--- INFORMATION PROVIDED Enclosed Below ---

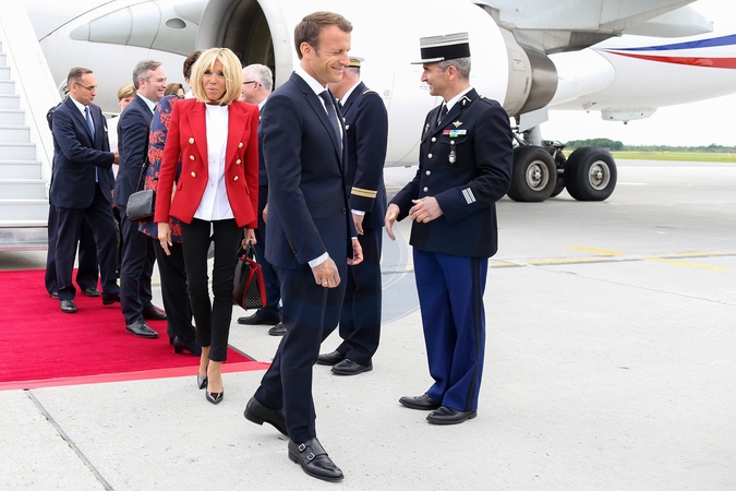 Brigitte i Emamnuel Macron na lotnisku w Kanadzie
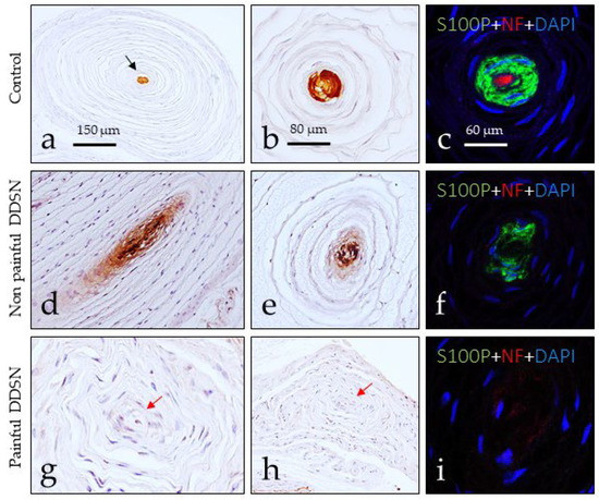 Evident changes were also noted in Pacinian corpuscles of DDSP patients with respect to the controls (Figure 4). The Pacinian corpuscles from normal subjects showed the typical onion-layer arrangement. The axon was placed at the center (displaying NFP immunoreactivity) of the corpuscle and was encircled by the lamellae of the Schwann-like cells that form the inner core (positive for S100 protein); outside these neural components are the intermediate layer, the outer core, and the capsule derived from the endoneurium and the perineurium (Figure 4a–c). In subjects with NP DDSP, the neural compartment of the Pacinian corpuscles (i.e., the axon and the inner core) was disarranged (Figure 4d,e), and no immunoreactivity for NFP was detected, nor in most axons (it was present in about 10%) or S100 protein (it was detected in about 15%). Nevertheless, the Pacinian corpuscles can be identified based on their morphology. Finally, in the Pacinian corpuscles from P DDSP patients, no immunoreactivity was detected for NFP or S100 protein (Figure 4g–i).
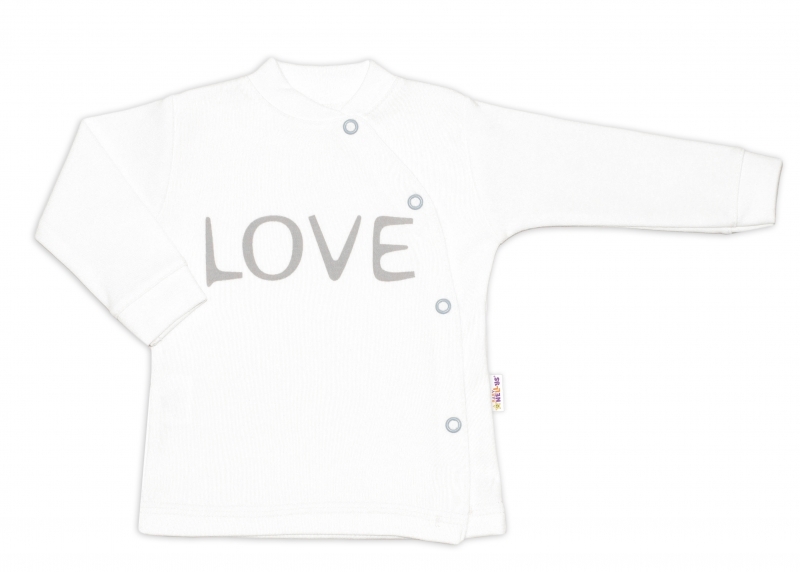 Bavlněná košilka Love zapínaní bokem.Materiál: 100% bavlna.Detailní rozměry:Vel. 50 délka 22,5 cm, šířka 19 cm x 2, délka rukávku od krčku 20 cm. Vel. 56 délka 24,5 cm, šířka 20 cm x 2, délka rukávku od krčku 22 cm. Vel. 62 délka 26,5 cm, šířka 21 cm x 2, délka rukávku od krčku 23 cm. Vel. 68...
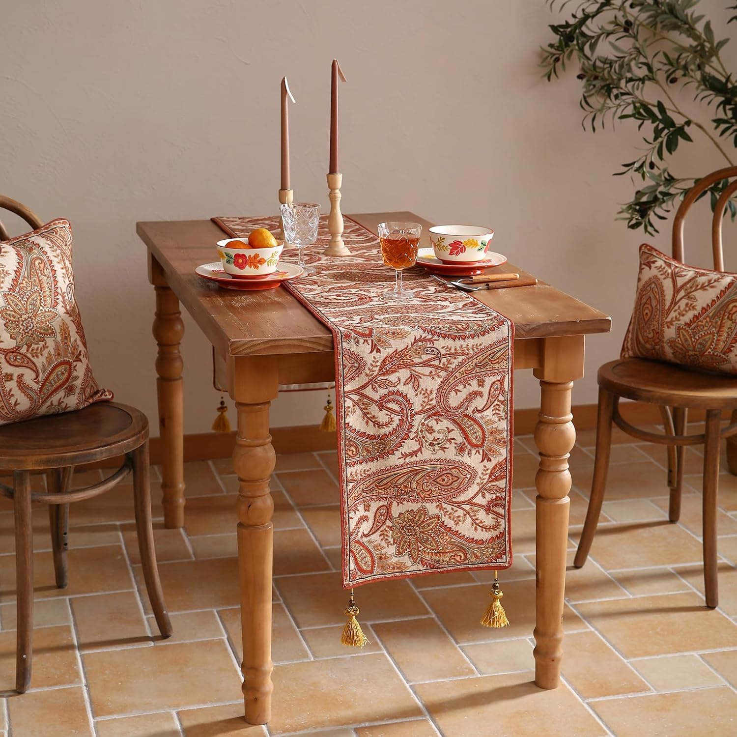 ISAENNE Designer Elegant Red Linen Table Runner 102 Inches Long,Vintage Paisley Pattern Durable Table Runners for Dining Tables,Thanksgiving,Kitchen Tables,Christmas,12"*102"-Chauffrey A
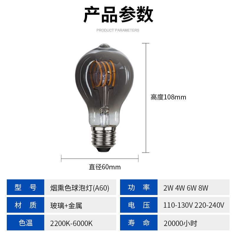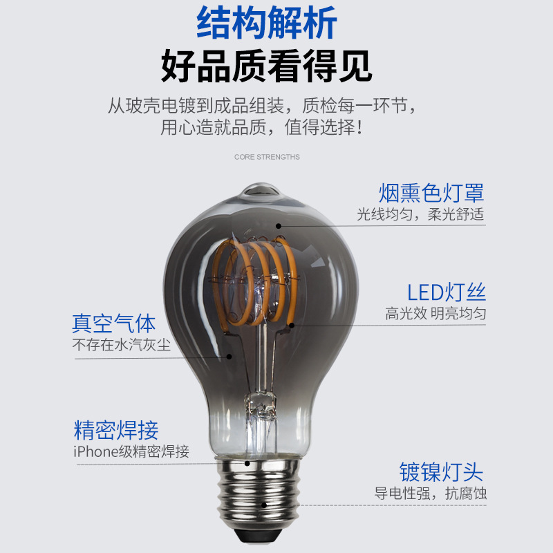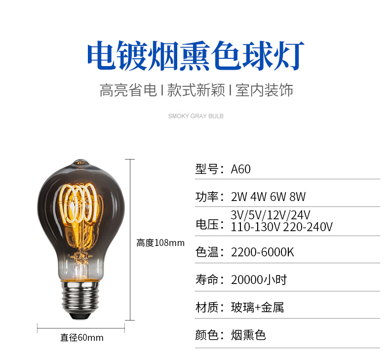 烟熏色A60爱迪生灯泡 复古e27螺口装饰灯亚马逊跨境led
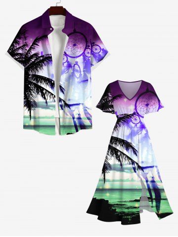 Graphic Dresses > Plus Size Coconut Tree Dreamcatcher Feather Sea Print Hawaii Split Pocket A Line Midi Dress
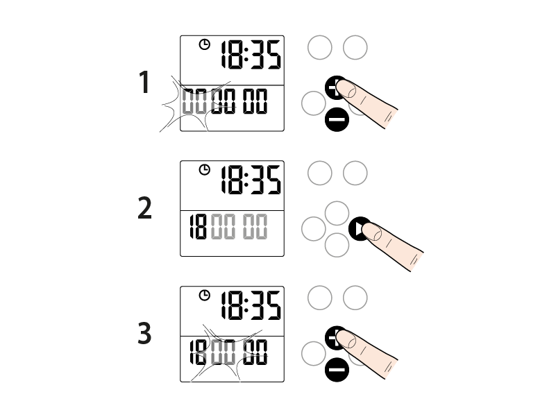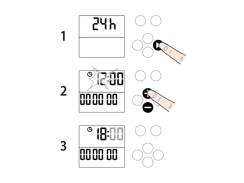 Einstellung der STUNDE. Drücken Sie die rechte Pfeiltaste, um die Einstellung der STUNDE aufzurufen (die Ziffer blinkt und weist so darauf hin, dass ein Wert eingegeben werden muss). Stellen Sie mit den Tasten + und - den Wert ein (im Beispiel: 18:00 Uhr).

--- End of Enclosed INFORMATION PROVIDED ---
--- INFORMATION PROVIDED Enclosed Below ---

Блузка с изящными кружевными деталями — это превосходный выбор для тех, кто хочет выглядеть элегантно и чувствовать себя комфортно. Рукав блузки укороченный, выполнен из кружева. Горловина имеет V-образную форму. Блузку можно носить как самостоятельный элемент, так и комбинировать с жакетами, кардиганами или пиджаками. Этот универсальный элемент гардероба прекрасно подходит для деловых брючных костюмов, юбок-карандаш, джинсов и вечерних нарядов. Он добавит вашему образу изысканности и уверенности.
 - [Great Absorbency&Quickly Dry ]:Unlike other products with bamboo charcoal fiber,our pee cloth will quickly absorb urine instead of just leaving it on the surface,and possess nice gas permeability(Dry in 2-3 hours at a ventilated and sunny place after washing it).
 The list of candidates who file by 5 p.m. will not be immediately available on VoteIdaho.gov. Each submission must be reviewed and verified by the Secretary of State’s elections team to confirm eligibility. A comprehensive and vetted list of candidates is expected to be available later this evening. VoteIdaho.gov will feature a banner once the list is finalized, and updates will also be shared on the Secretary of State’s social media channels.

--- End of Enclosed INFORMATION PROVIDED ---
--- INFORMATION PROVIDED Enclosed Below ---

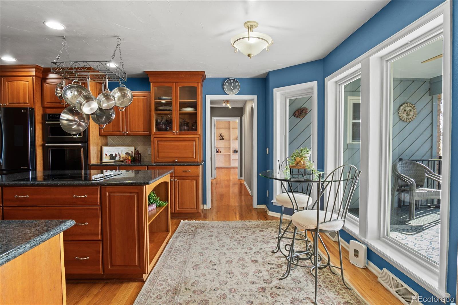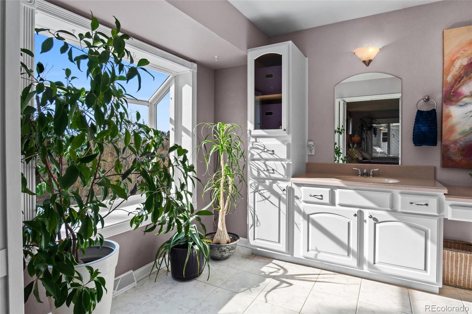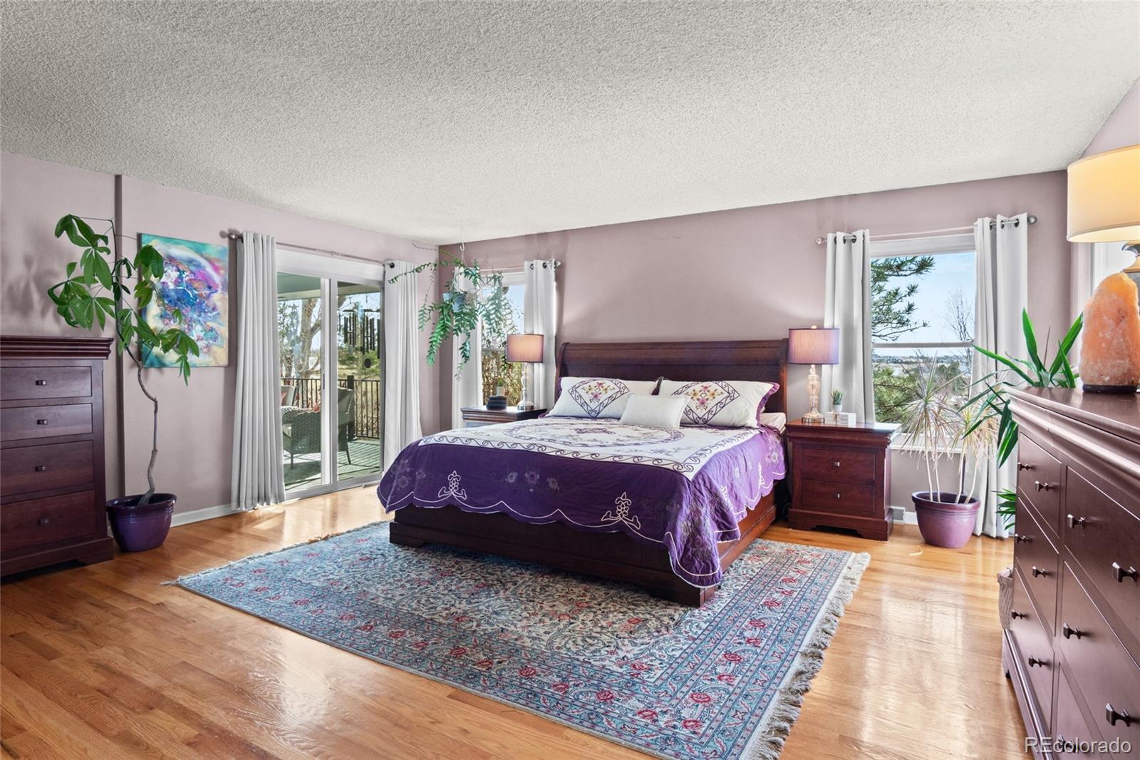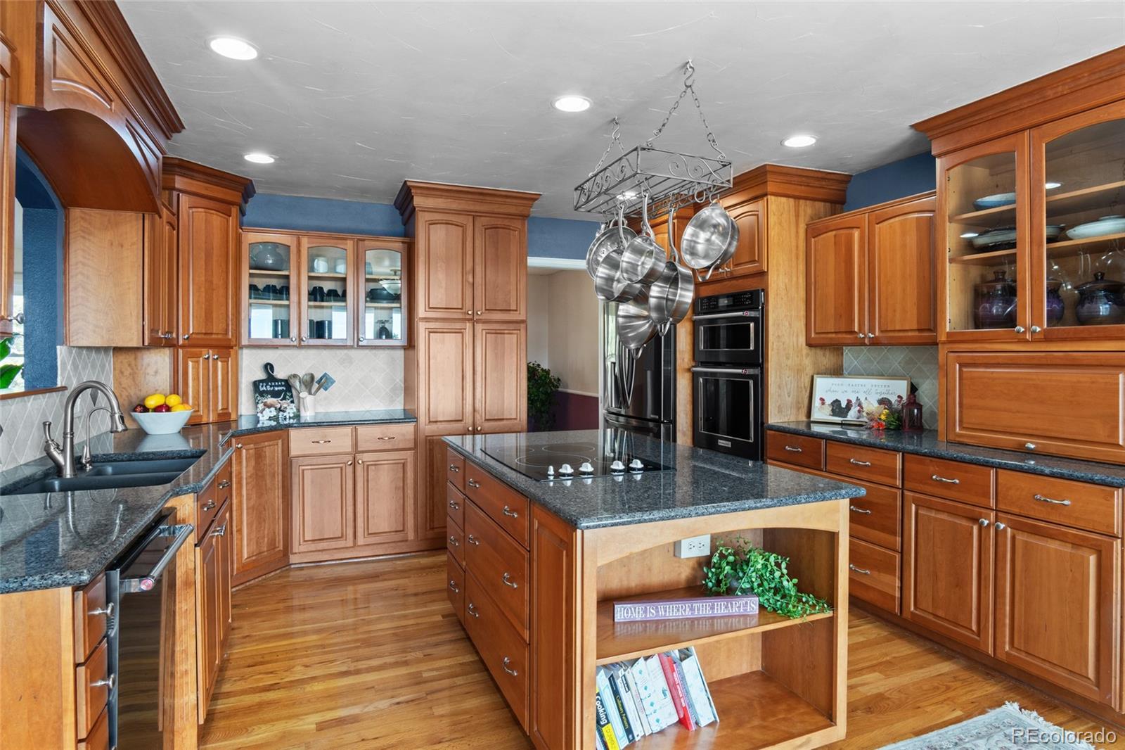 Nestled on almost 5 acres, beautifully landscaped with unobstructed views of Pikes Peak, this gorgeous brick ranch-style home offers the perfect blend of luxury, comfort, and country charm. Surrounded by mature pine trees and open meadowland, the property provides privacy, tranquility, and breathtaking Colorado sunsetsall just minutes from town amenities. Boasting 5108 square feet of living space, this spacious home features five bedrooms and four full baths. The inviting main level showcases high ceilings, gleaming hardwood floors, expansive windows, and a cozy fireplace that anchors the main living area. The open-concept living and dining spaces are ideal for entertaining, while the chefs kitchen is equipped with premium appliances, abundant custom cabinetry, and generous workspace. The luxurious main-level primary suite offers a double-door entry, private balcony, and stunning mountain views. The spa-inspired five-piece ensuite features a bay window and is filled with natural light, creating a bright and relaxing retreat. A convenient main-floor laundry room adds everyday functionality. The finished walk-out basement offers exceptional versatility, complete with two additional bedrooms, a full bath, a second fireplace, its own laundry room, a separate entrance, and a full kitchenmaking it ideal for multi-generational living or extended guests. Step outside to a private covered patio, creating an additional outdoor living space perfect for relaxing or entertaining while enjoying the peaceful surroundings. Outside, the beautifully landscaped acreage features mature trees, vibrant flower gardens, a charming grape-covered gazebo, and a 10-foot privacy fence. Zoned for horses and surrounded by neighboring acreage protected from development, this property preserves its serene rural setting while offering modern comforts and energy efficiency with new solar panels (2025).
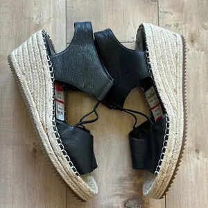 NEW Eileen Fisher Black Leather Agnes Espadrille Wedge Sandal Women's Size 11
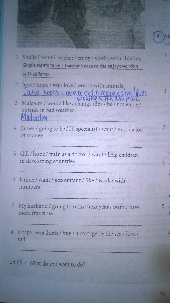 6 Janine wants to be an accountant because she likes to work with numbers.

--- End of Enclosed INFORMATION PROVIDED ---

### WHAT YOU SHOULD DO
Keep to the stretch from the line containing "NEW Eileen Fisher" through the line containing "6 Janine wants", both ends included, and copy it exactly from the listing above, minus the pictures.

### RESULT OF THIS TASK
 NEW Eileen Fisher Black Leather Agnes Espadrille Wedge Sandal Women's Size 11
 6 Janine wants to be an accountant because she likes to work with numbers.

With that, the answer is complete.